Он пытается успокоить меня при помощи очередного печенья и медленно набирает 7-5-6-2-4-6-0. Я смотрю, как вращается диск телефона, потом подхожу к полицейскому. Вытянувшись вверх, я пытаюсь расслышать, что происходит на том конце провода. Мама берет трубку. Ее голос пугает меня. Полицейский машет мне, чтоб я отошел, после чего делает глубокий вдох и начинает:
— Миссис Пельцер, это офицер Смит из полицейского управления Дэли-Сити. Ваш сын Дэвид сегодня не вернется домой. Теперь о нем позаботится Департамент по делам молодежи Сан Матео. Если у вас есть какие-то вопросы, звоните им.

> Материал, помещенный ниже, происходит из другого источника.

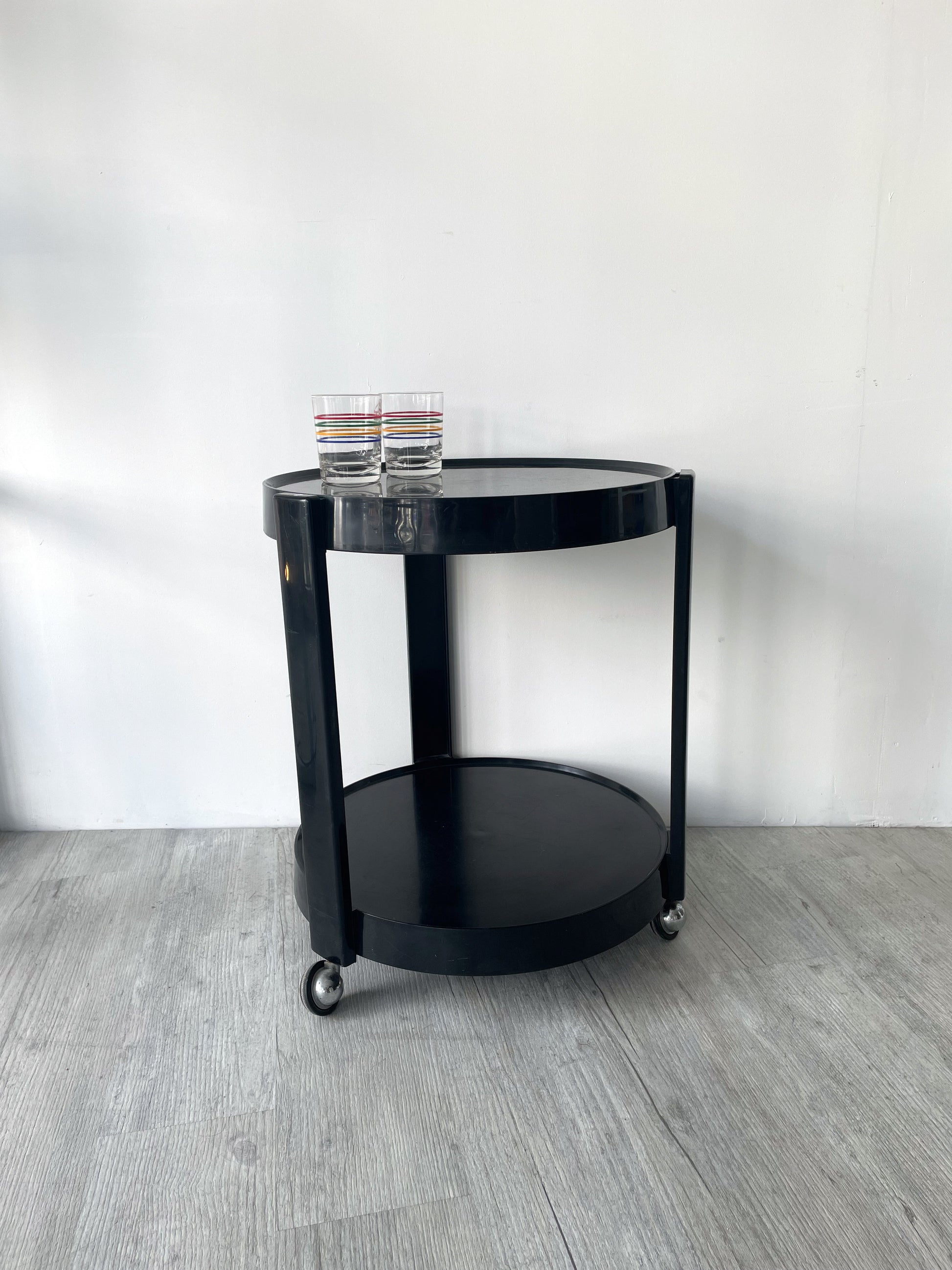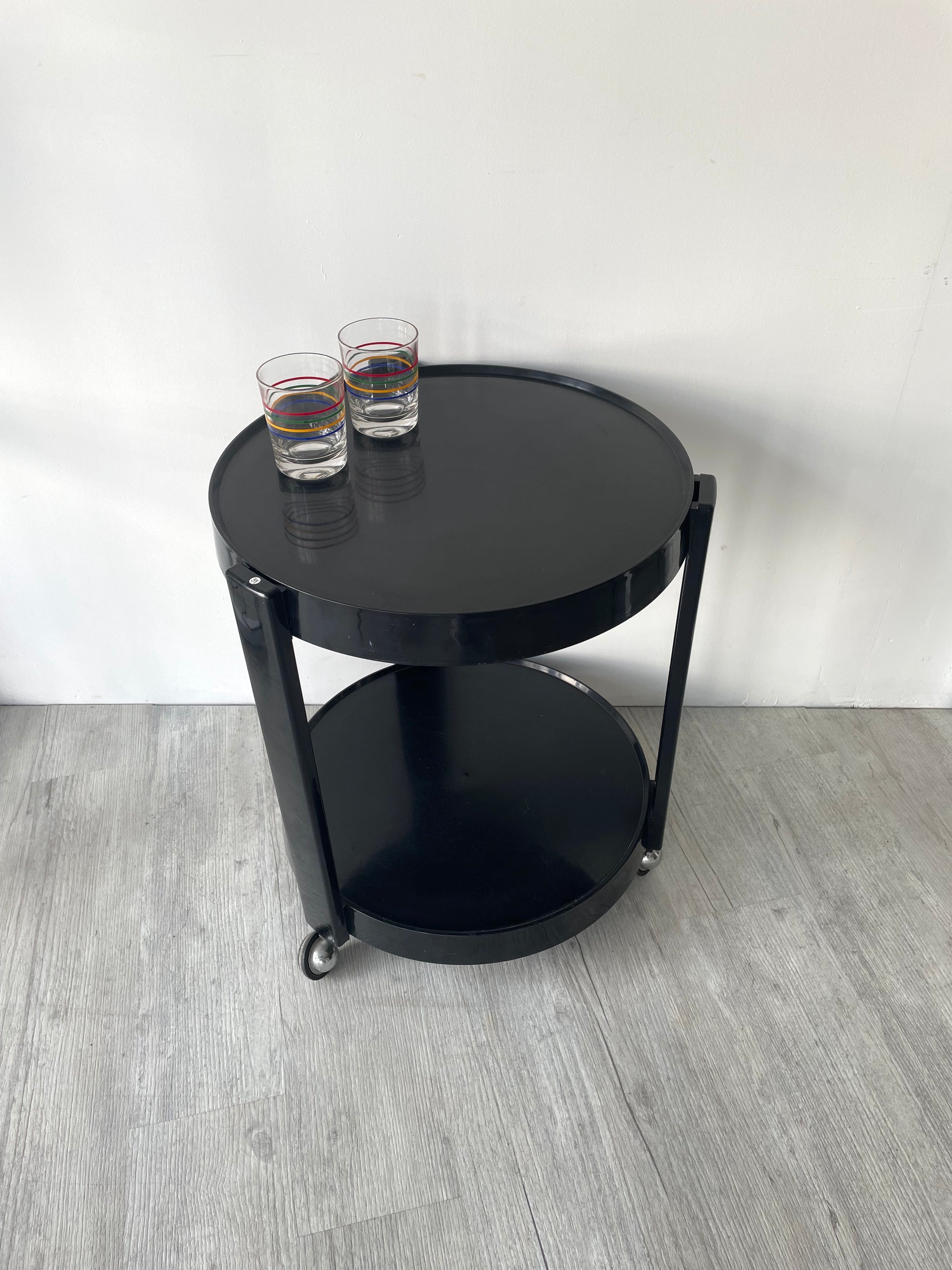 Desserte ou Chariot de Bar tout droit venu de la grande époque du design italien mid-century des années 70's. Bon état de fonctionnement, comporte quelques rayures d'usage sur le plateau.
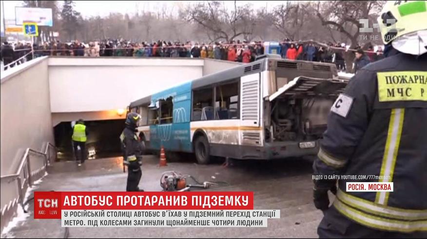 Один из выходов из метро в Москве протаранил пассажирский автобус, есть погибшие

Он вешает трубку и улыбается.
— Ну вот, все не так страшно! — замечает он. Но судя по выражению его лица, он скорее пытается убедить в этом себя, чем меня.
Через несколько миль мы оказываемся на шоссе 280, которое выведет нас из Дэли-Сити. Я смотрю в окно и вижу справа от дороги знак «САМОЕ КРАСИВОЕ ШОССЕ В МИРЕ». Когда мы выезжаем из города, полицейский облегченно улыбается.
— Дэвид Пельцер, ты свободен, — говорит он.
— Что? — Я изо всех сил сжимаю в руках коробку с печеньем. — Не понимаю. Разве вы не отправите меня в тюрьму?
Он снова улыбается и слегка сжимает мое плечо.
— Нет, Дэвид. Честное слово, тебе не о чем беспокоиться. Твоя мать больше никогда тебя не обидит.
Я откидываюсь назад. На секунду меня ослепляет отражение солнца в зеркале заднего вида. Я отворачиваюсь и чувствую, как по щеке бежит слеза.
— Я свободен?
Глава 2
Счастливые времена
За несколько лет до того, как моя жизнь превратилась в кошмар, у нас была обычная американская семья. Родители окружали меня и двух моих братьев любовью и заботой. Мы жили в скромном доме с двумя спальнями, расположенном в благополучном районе Дэли-Сити. Помню, в солнечные дни я любил смотреть из окна гостиной на ярко-оранжевые башни моста Золотые ворота и силуэт Сан-Франциско вдалеке.
Мой папа, Стивен Джозеф, работал пожарным на станции в центре города. Он был высоким и широкоплечим, а его мускулам любой бы позавидовал. А еще у него были густые кустистые брови, и мне очень нравилось, когда он подмигивал мне и называл Тигром.
Моя мама, Кэтрин Роэрва, была женщиной среднего роста, внешне ничем не примечательной. Я даже не могу вспомнить, какого цвета были ее волосы и глаза. Но одно я помню точно: она буквально светилась любовью к своим детям. Главным маминым качеством была решительность, а еще она отличалась богатым воображением и изобретательностью.
Она старалась самостоятельно решать все семейные проблемы. Однажды, когда мне было четыре года (или пять), мама сказала, что заболела, и вдруг начала странно себя вести. В тот вечер папа работал на станции. После того как мы пообедали, мама внезапно сорвалась с места и начала красить в красный цвет лестницу, ведущую в гараж. Она кашляла от запаха, но продолжала методично возить кисточкой по каждой ступеньке. Краска еще даже не успела высохнуть, когда мама принялась возвращать на место резиновые коврики. Все — и коврики, и мама — покрылось красными пятнами. Наконец она закончила, вернулась в дом и упала на диван. Помню, я спросил маму, почему она положила коврики, не дождавшись, пока краска высохнет. А она улыбнулась и ответила: «Я просто хотела удивить твоего папу».